Moreover, we depend on the natural world: clean air, water, nutrients, and shelter. Indigenous cultures like the Iroquois/Haudenosaunee express gratitude to crops, wind, and sun. They understand what modern society forgets—that survival is not guaranteed, and that gratitude is a form of moral reciprocity.

In Kalahari, the San people question whether they have the right to take an animal’s life for food, especially when its species nears extinction. In contrast, American officials once proposed exterminating prairie dogs on Navajo/Diné land to protect grazing areas. The Navajo elders objected: “If you kill all the prairie dogs, there will be no one to cry for the rain.” The result? The ecosystem collapsed—desertification followed. Nature’s interconnectedness, ignored by policymakers, proved devastatingly real.

Macy and Johnstone argue that the public is dangerously unaware of the scale of ecological and climate crises. Media corporations, reliant on advertising, have little incentive to tell uncomfortable truths. In the U.S., for example, television is designed not to inform, but to retain viewers between ads. News broadcasts instil fear, only to follow up with advertisements for insurance—offering safety in a world made to feel increasingly dangerous.

Unlike in Finland or other nations with public broadcasters, American media is profit-driven and detached from public interest.

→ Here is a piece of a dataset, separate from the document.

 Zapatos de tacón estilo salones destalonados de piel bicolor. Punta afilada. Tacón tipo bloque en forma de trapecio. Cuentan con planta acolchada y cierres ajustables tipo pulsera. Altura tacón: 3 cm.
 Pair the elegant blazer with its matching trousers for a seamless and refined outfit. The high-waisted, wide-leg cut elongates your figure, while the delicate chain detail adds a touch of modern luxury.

The result is a population bombarded with fear, yet denied the structural support—like healthcare or education—that would alleviate the very anxieties media stokes.

Conclusions 

The story of modern capitalism is not just one of freedom, but also of entrapment—psychological, economic, and ecological. Surveillance capitalism has privatised control, bullshit jobs sap our energy, and advertising hijacks our insecurities. Yet throughout this dark web, there remain glimmers of alternative wisdom: indigenous respect for the earth, critiques from anthropologists, and growing awareness of the need for systemic change.

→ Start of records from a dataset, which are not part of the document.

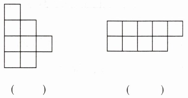 2. 下面哪个图形的面积大(每个小方格面积为 1 平方厘米)? 面积大的图形画“√”,面积小的画“○”。
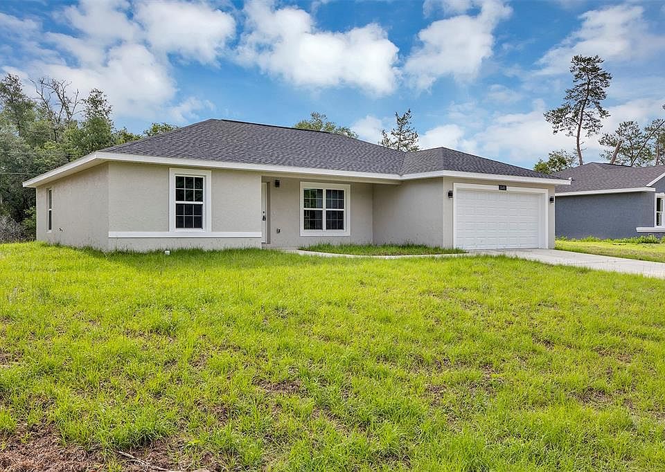 Under Construction. New construction, beautiful home currently under construction in Marion Oaks. This 3 bedroom, 2 bath home, 2 car garage is being built to the highest of standards and expected to be finished in July 2023. The home includes stainless steel appliances, luxury vinyl plank flooring, custom kitchen with custom soft close cabinets and quartz counter tops, ceiling fans and inside laundry. Modern light fixtures, quartz counters in all bathrooms, double sink in master and beautiful tile. Builder is also including WHITE VINYL FENCING FOR THE BACKYARD. Attached photos are from a similar model and are for illustration purposes only and are to show layout, floor plan is our standard plan and garage orientation may vary on actual home. Interior and exterior colors and finishes will vary. Full one year builder warranty with an extended 2-10 warranty provided at closing. *** Lender will contribute up to$3,000 towards buyer's closing costs ***
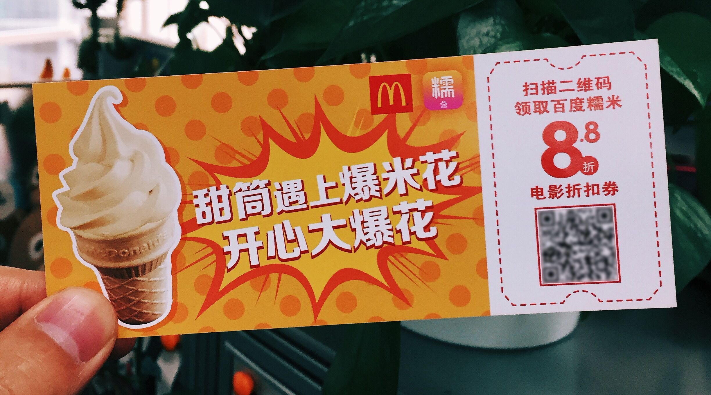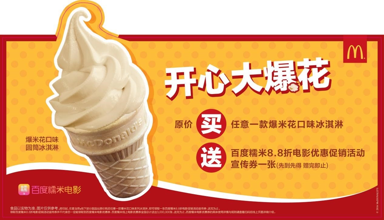 麦当劳线下餐厅:为每一个购买爆米花口味系列冰品的消费者提供一张88折糯米电影折扣券。两大品牌围绕电影院观影场景,互相转化用户与消费,将线上的转到线下,将线下的再引导回线上。实现带有粘性跨界的消费模式,增强对双方品牌的认知与好感。

The challenge ahead lies not in refining the algorithms, but in reclaiming the meaning and interdependence lost to them. A liveable future demands more than innovation; it requires imagination, gratitude, and a willingness to dismantle the myths we’ve mistaken for progress.


References

Bregman, R. (2014). Utopia for realists: And how we can get there. Bloomsbury Publishing.
Eisenstein, C. (2018). Climate: A new story. North Atlantic Books.
Graeber, D. (2018). Bullshit Jobs: A Theory. New York: Simon & Schuster.
Hammerbacher, J. (n.d.). As cited in interviews on ethical technology, 2013–2016.
Johnstone, C., & Macy, J. (2012). Active hope: How to face the mess we’re in without going crazy. New World Library.
Loy, D. R. (2019). Ecodharma: Buddhist Teachings for the Ecological Crisis. New York: Wisdom Publications.
Skinner, B. F. (1953). Science and human Behaviour. Macmillan.
Zuboff, S. (2019). The age of surveillance capitalism: The fight for a human future at the new frontier of power. London: PublicAffairs.
Chomsky, N. (1959). A review of B. F. Skinner’s Verbal Behaviour. Language, 35(1), 26–58.